Во время этих странствий,— которые в обществе с презрением назвали бы бродяжничеством, ибо я не уподоблялся богачам, окружающим себя роскошью в путешествиях, — я иной раз спрашивал себя: «Что я делаю? Куда иду? Какова моя цель?» И отвечал себе: «Разве, родившись на свет, я не начал путешествия, которое окончится лишь с моей смертью? Я исполняю свое назначение, я остаюсь на своем месте; в невинности и в простоте я провожу эту краткую жизнь.
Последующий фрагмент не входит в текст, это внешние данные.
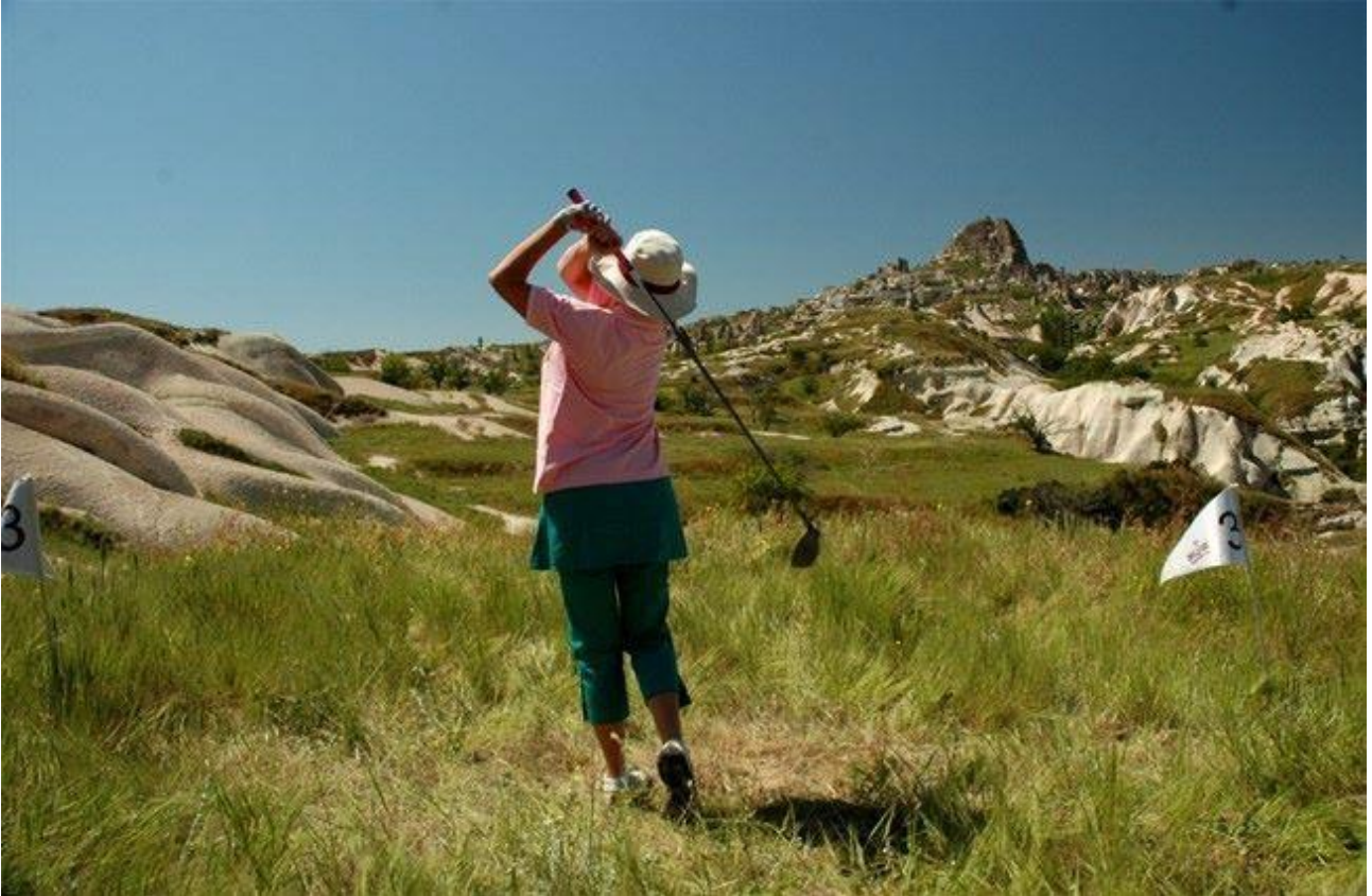
Resim 1. Cross Golf Turnuvasından Bir Kare

Türkiye Turizm Stratejisi 2023 Eylem Planı kapsamında golf turizminin günümüzde faaliyet gösteren bölgelerden farklı yerlerde de yapılması öngörülmüştür. Bu nedenle Frigya, Kapadokya, GAP, Urartu gibi belirlenen çeşitli turizm gelişim bölgelerinde golf turizminin geliştirilmesine yönelik adımların atılması öngörülmüştür (Boz, Gülüm ve Çoban, 2010: 696). Belirlenen eylem planına uygun olarak Kapadokya Bölgesi'nde golfe yönelik çalışmalar başlamıştır.

Я никогда не причиаяю зла ближним и уже тем самым делаю добро; удовлетворяя их нужды» я забочусь и о себе; я служу людям, никогда не причиняя им вреда; я показываю им, что ничего нет легче, как быть счастливым и добрым и не знать ни забот, ни тягостей. Я отказался от отцовского наследства — и живу; я не делаю ничего дурного — и живу; я не прошу милостыни — и живу. Итак, я приношу людям пользу и зарабатываю себе на хлеб, ибо люди ничего не дают даром».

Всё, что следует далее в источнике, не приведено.